• [WORK TO COMPLETE] In the entries that follow, repeat exactly the lines from the one that has "Site dédié aux" through the one that has "Navy blue embroidered", but omit pictures.

SOURCE MATERIAL START

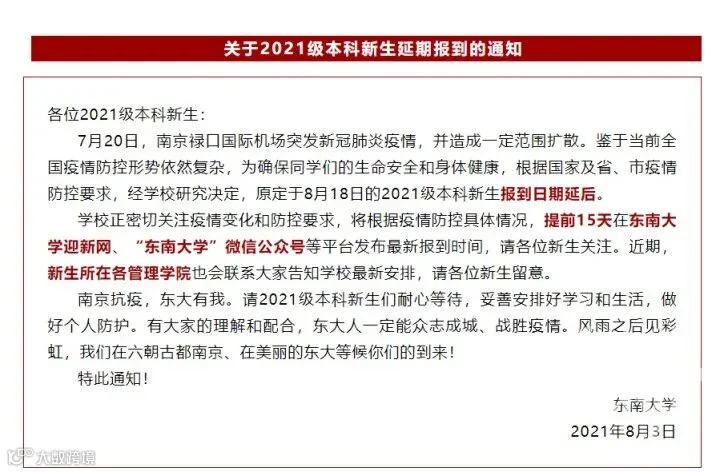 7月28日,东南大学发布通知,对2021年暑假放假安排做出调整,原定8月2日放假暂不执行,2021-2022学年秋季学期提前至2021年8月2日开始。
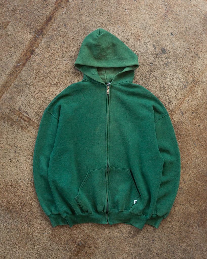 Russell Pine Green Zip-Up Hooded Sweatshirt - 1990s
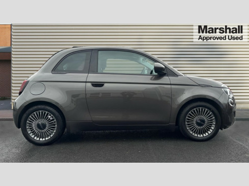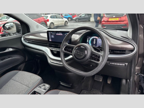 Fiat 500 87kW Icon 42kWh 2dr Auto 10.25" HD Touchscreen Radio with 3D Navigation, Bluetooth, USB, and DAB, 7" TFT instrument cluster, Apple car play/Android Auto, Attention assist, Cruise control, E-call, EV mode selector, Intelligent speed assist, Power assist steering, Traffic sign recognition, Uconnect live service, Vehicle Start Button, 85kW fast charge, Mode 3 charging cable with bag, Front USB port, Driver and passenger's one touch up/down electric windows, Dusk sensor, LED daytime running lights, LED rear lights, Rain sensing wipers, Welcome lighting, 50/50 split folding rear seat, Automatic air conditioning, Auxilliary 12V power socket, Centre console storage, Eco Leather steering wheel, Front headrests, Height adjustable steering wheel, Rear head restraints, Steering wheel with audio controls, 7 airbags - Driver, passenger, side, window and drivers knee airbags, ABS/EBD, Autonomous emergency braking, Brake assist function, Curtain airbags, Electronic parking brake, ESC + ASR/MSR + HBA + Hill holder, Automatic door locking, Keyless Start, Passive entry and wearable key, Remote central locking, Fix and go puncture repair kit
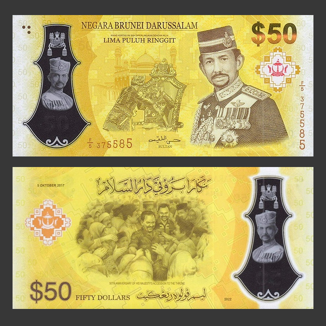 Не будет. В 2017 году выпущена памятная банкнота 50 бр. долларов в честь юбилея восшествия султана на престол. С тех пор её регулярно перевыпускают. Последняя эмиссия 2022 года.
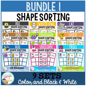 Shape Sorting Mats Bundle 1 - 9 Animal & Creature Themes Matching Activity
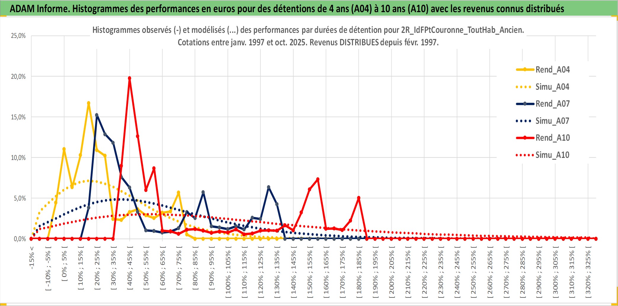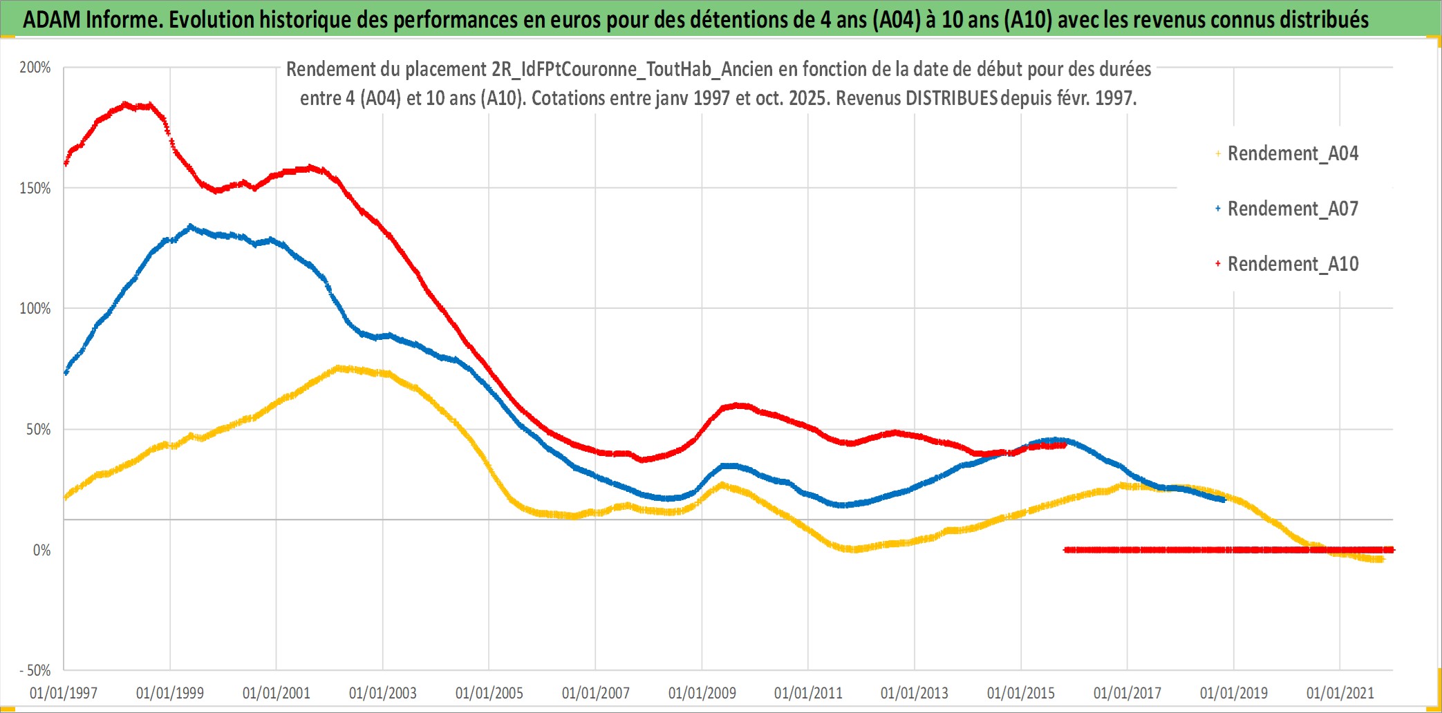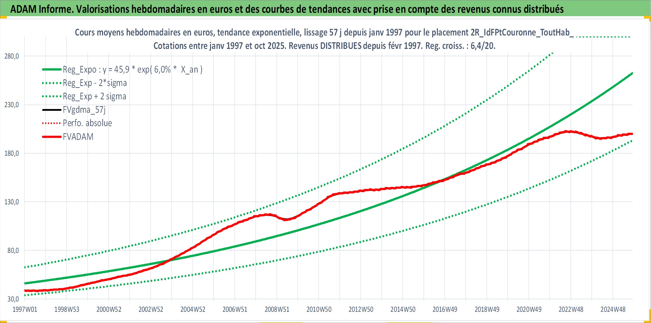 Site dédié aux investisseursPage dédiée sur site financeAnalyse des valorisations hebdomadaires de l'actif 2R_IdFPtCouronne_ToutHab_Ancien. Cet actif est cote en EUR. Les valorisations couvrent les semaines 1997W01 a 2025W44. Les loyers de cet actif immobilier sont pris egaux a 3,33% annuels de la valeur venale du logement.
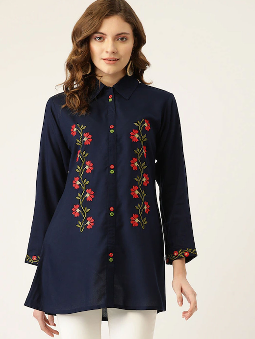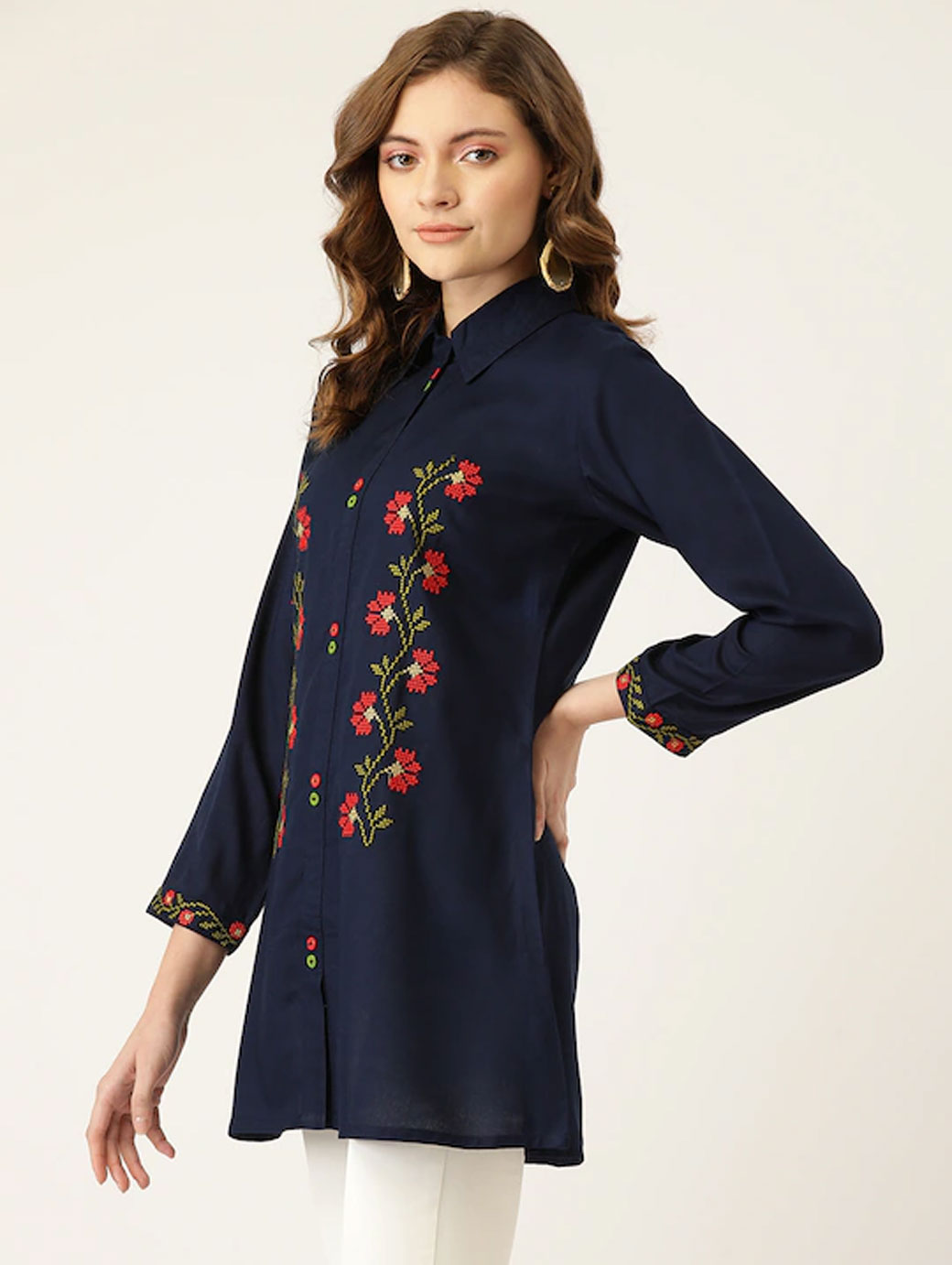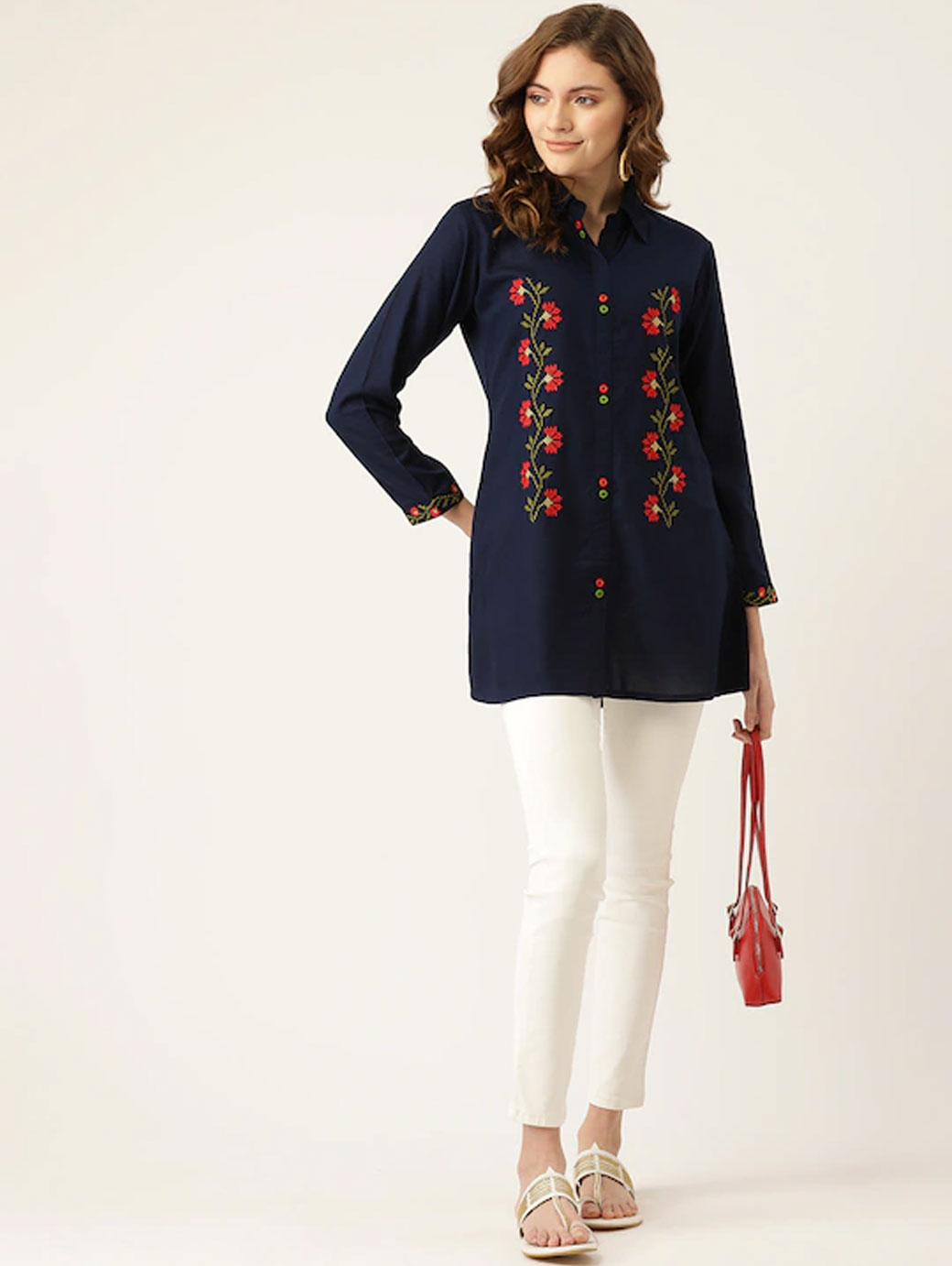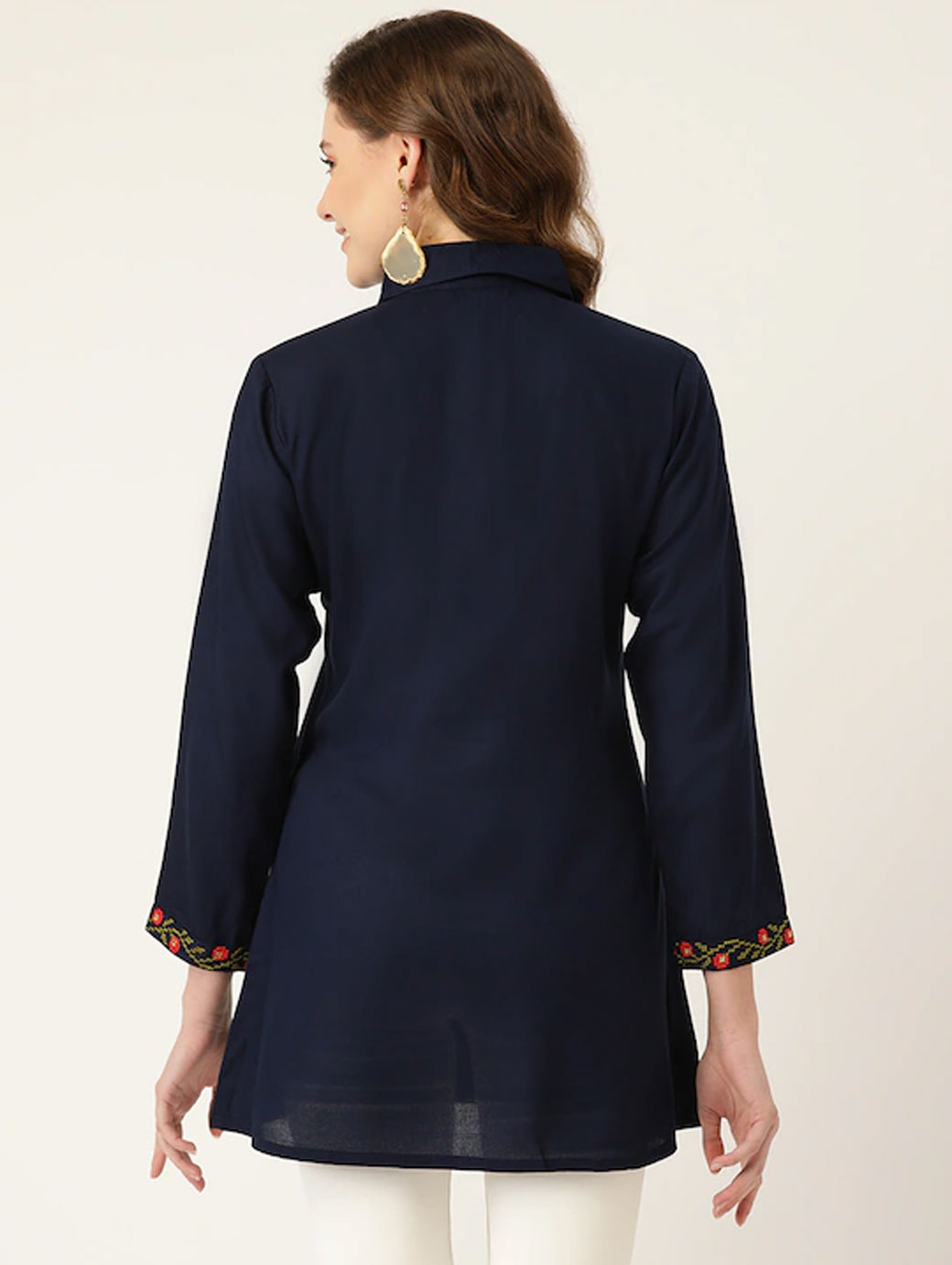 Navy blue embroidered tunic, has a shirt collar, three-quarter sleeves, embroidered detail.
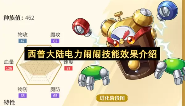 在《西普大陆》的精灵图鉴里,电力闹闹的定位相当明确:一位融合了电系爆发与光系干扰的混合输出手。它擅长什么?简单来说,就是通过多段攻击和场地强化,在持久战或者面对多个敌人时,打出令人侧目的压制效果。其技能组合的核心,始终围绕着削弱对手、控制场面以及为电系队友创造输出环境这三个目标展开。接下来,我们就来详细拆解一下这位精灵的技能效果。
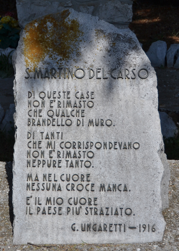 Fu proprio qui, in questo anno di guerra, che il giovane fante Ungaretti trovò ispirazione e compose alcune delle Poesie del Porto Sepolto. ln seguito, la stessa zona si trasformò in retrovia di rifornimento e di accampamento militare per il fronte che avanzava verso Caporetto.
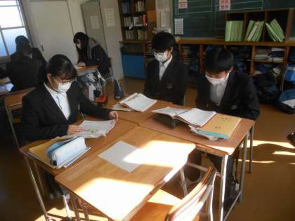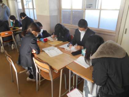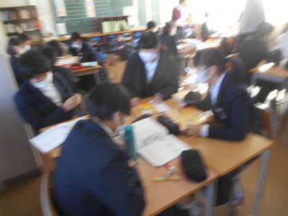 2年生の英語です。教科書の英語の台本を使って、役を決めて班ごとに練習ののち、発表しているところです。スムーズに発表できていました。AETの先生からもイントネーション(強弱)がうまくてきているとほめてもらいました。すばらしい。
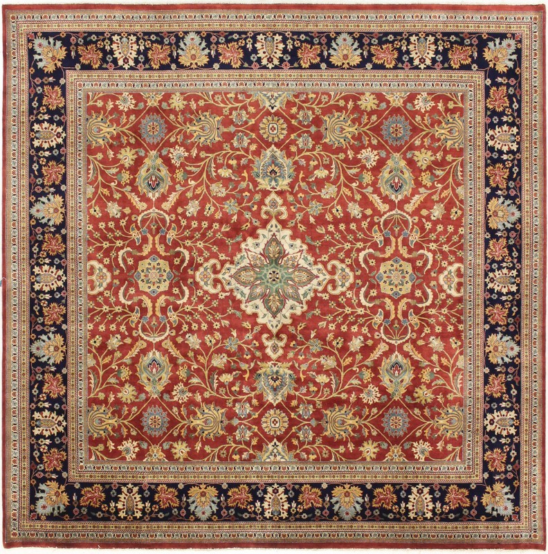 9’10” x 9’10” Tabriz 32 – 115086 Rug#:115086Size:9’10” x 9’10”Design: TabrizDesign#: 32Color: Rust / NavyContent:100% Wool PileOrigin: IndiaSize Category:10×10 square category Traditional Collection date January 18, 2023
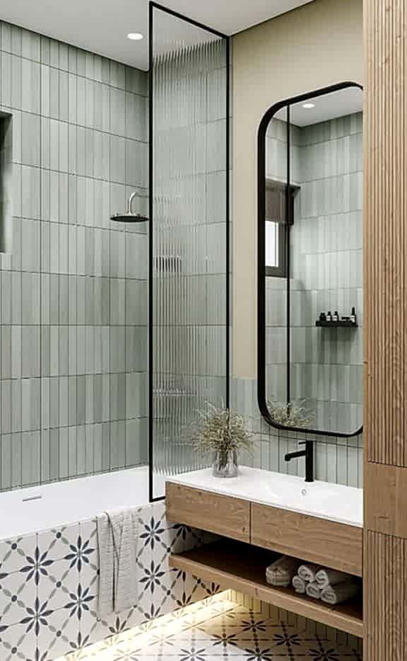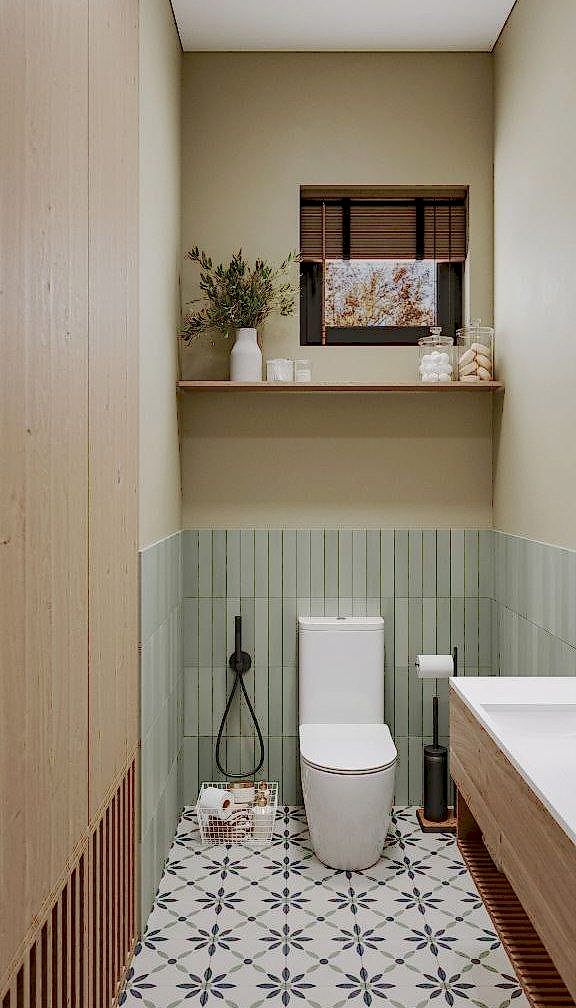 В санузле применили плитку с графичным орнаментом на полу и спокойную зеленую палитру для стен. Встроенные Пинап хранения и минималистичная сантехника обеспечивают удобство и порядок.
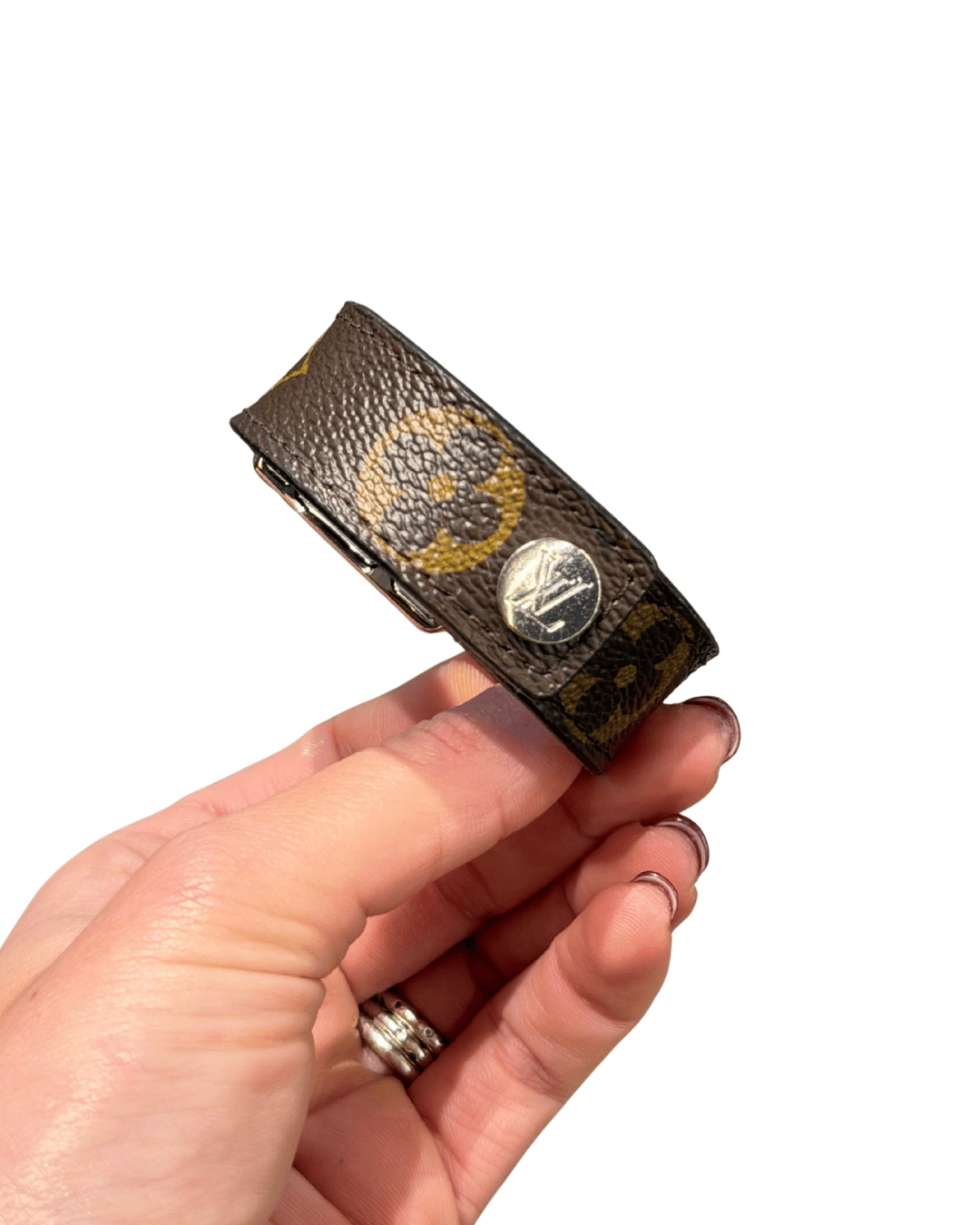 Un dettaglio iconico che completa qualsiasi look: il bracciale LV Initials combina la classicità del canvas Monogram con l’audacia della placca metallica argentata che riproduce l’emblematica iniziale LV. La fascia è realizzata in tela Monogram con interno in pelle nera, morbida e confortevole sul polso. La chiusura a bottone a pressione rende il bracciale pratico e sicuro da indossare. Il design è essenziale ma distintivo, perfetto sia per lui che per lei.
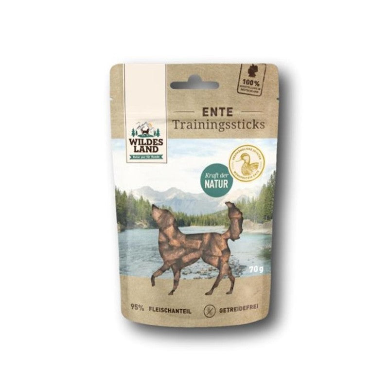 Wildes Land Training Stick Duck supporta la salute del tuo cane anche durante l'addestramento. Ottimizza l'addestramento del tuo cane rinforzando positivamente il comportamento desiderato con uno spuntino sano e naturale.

SOURCE MATERIAL END

• [ANSWER AREA]
 Site dédié aux investisseursPage dédiée sur site financeAnalyse des valorisations hebdomadaires de l'actif 2R_IdFPtCouronne_ToutHab_Ancien. Cet actif est cote en EUR. Les valorisations couvrent les semaines 1997W01 a 2025W44. Les loyers de cet actif immobilier sont pris egaux a 3,33% annuels de la valeur venale du logement.
 Navy blue embroidered tunic, has a shirt collar, three-quarter sleeves, embroidered detail.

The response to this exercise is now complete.